- Born: Seth O'Dell Penniston June 9, 1870 Argyle, Wisconsin, United States
- Died: February 7, 1961 (aged 90) Argyle, Wisconsin, United States
- Occupations: farmer, politician
- Known for: member, Wisconsin State Assembly (1927–1933)
- Notable work: owner/operator of a 321-acre farm
- Political party: Republican
- Spouse: Mary Severson (d.1952)
- Children: 5
- Parents: George Penniston (father); Mary Ann (Brown) Penniston (mother);

= S. Dell Penniston =

American politician

Seth O'Dell "S. Dell" Penniston (June 9, 1870 – February 7, 1961) was an American farmer and politician. He was born in Argyle, Wisconsin to George (1832–1904) and Mary Ann (Brown) (1845–1943) Penniston who came to America with Seth's grandparents around 1852 from the Redmile/Plungar, Leicestershire region in England. He had a brother, a sister and five children. He and his wife Mary Severson had many grandchildren, most of whom remained in the Argyle area. She preceded him in death in 1952 at the age of 81.

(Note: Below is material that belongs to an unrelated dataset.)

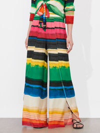 Soft, breezy, and unexpectedly sultry- these flowy pants feature open front pleats that reveal the leg as you walk, creating an almost skirt-like effect. Crafted in our printed double viscose, they sit high on the waist with a smocked band that’s as comfy as it is flattering. Easy to pack, effortless to style-your new vacay essential. DETAILS - Pull on pant - Open pleats - Printed double viscose - Wide leg - High rise - Ankle length - Smocked waistband - 100% viscose - Dry clean only - Imported FIT - Model is 5"10" and wearing a size Small - Front rise: 12 1/2" - Inseam: 30" - Fits true to size, take your normal size
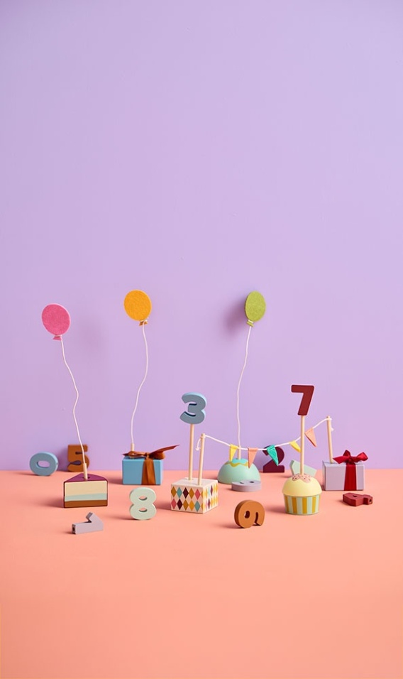W komplecie drewniane cyfry od 0 do 9 oraz dodatkowa cyfra 1, dzięki czemu zestaw posłuży na wiele kolejnych lat świętowania. Dwa filcowe baloniki na metalowych drucikach dodają całości lekkości i uroku.

He was the owner/operator of a 321-acre farm 3 mi from Argyle on which he lived for 33 years. Penniston served on the Argyle Town Board for 10 years and was a Republican. Penniston was elected to the Wisconsin State Assembly without opposition and served from 1927 to 1933. Penniston died at his farm house in Argyle, Wisconsin.